Weighted Green functions for complex Hessian operators

TL;DR

This paper introduces weighted Green functions for complex Hessian operators in hyperconvex domains, establishing their continuity properties and providing estimates, thus extending classical pluricomplex Green function results.

Contribution

It defines and analyzes the properties of weighted Green functions for complex Hessian operators, generalizing and improving upon previous pluricomplex Green function results.

Findings

Proved uniform continuity of the exponential Green function in both variables.

Provided precise estimates on the modulus of continuity.
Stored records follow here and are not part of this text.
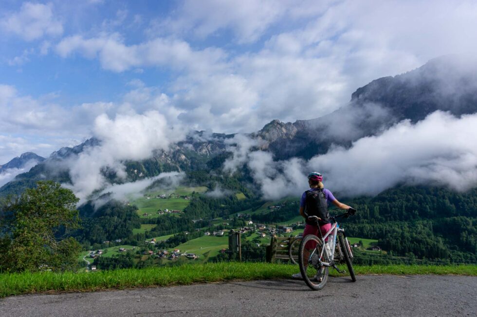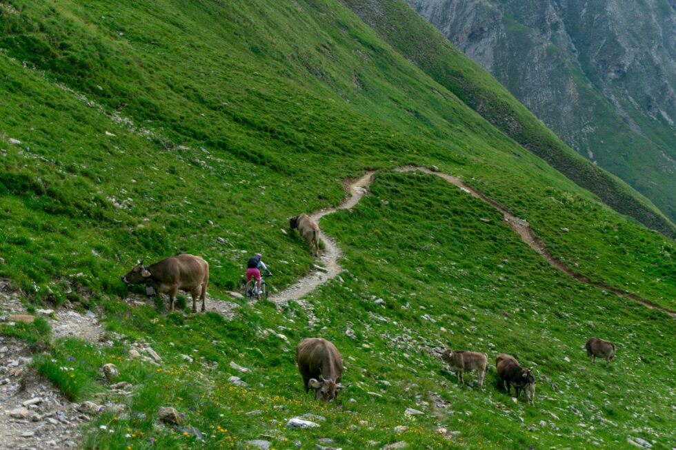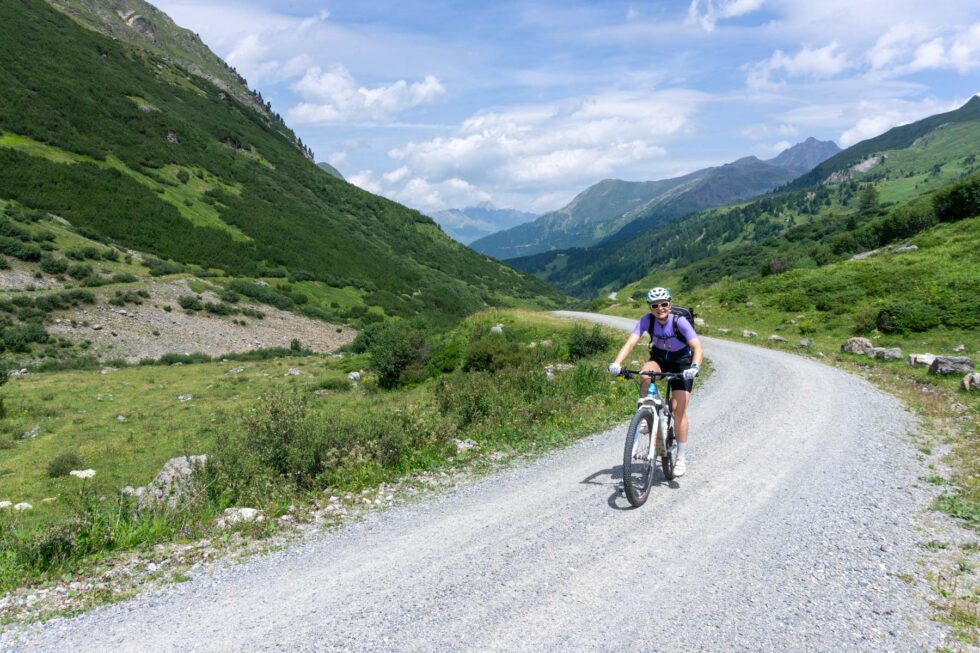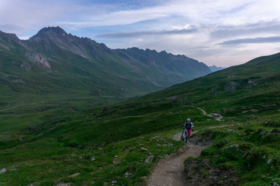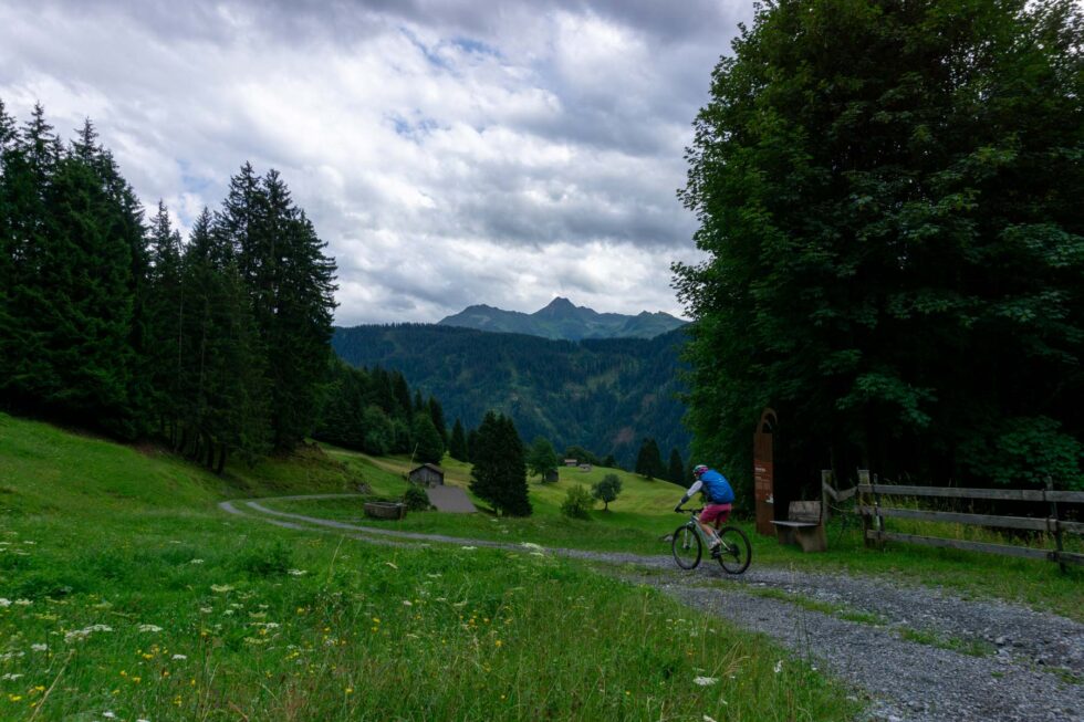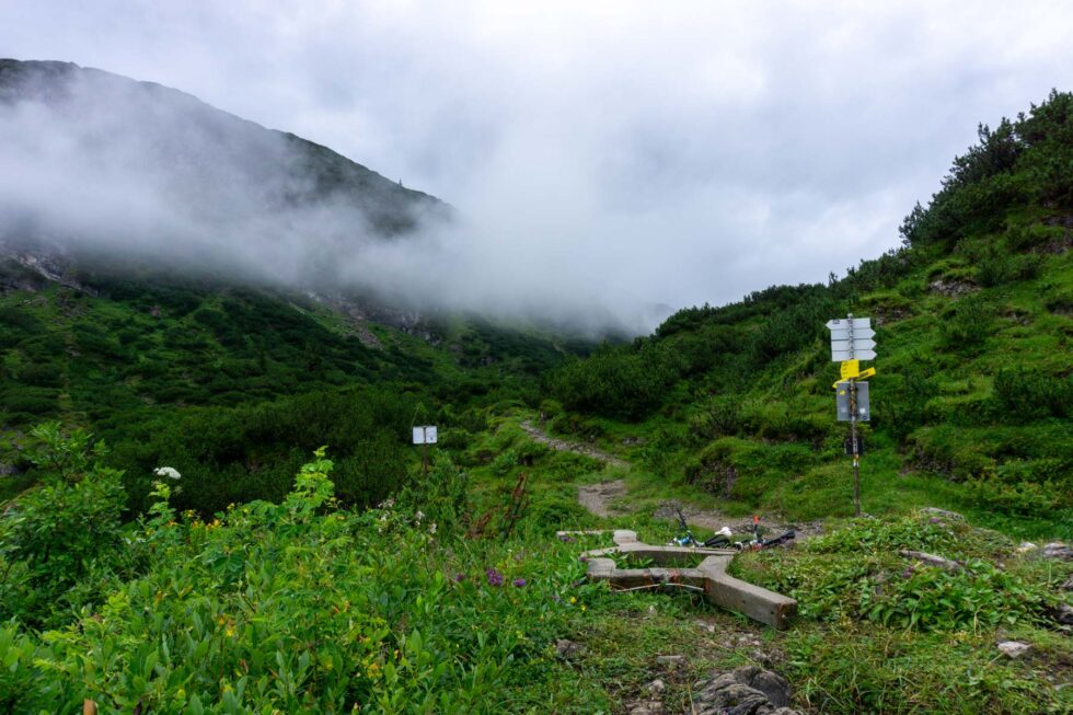 Um 9:00 Uhr schlüpfen wir in trockene Fahrradschuhe und hoffen, dass sich daran erstmal nichts ändert. Die Auffahrt zum Kristbergsattel tritt sich lässig weg. Während des stetigen Auf und Ab im Silbertal unterhalten wir uns über die wichtigsten Themen auf einer Transalp: Brotzeit, Bike und Beine.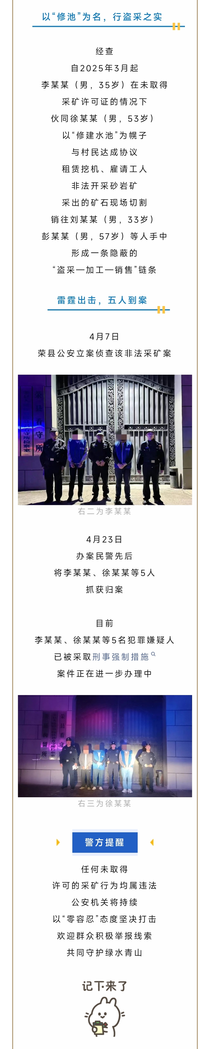 [盐都杂谈] 自贡5人被逮!打着“俢水池”的幌子非法采石,涉案金额近百万元!
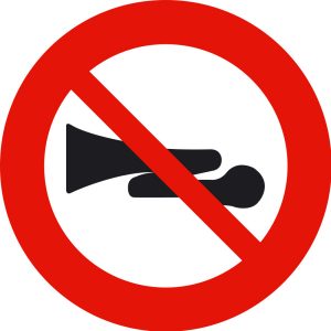 En el resto de supuestos, silencio absoluto. Incluso existe la señal R-310 (no todos recordarán ya la autoescuela), que sirve para indicar expresamente la prohibición de tocar el claxon, y se sitúa habitualmente en zonas cercanas a hospitales o residencias de ancianos.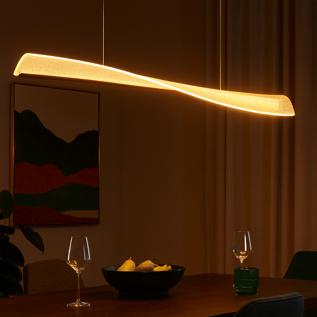 The Wave Acrylic LED Pendant Light encapsulates modern sophistication with its satin gold finish and clear glitter acrylic design. Perfect for stylish interiors, this energy-efficient pendant creates a warm, inviting atmosphere, bringing luxury and cozy lighting to any room, be it a home dining area or a chic commercial space.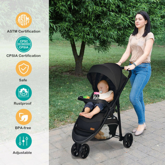 Baby Jogging Stroller with Adjustable Canopy for Newborn-Black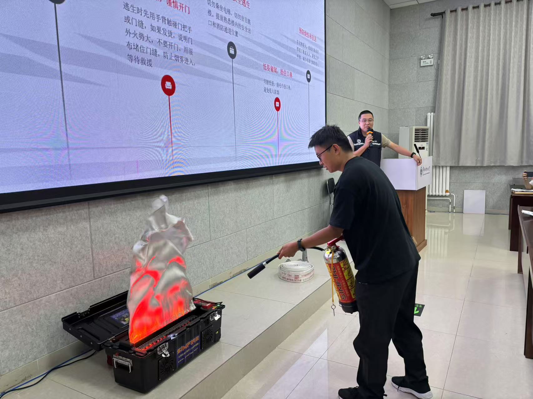 理论讲解结束后,培训进入实操演练环节。在现场工作人员的指导下,同学们踊跃上前,亲自操作模拟灭火器,沉浸式体验灭火全过程。这一环节将“提、拔、握、压”的四字操作口诀从理论转化为肌肉记忆,极大地提升了同学们的实战技能。

Extended classical results to weighted Green functions for complex Hessian operators.

Abstract

Let $1\leq m\leq n$ be two fixed integers. Let $\Omega \Subset \mathbb C^n$ be a bounded $m$-hyperconvex domain and $\mathcal A \subset \Omega \times ]0,+ \infty[$ a finite set of weighted poles. We define and study properties of the $m$-subharmonic Green function of $\Omega$ with prescribed behaviour near the weighted set $A$. In particular we prove uniform continuity of the exponential Green function in both variables $(z,\mathcal A)$ in the metric space $\bar \Omega \times \mathcal F$, where $\mathcal F$ is a suitable family of sets of weighted poles in $\Omega \times ]0,+ \infty[$ endowed with the Hausdorff distance. Moreover we give a precise estimates on its modulus of continuity. Our results generalize and improve previous results concerning the pluricomplex Green function du to P. Lelong.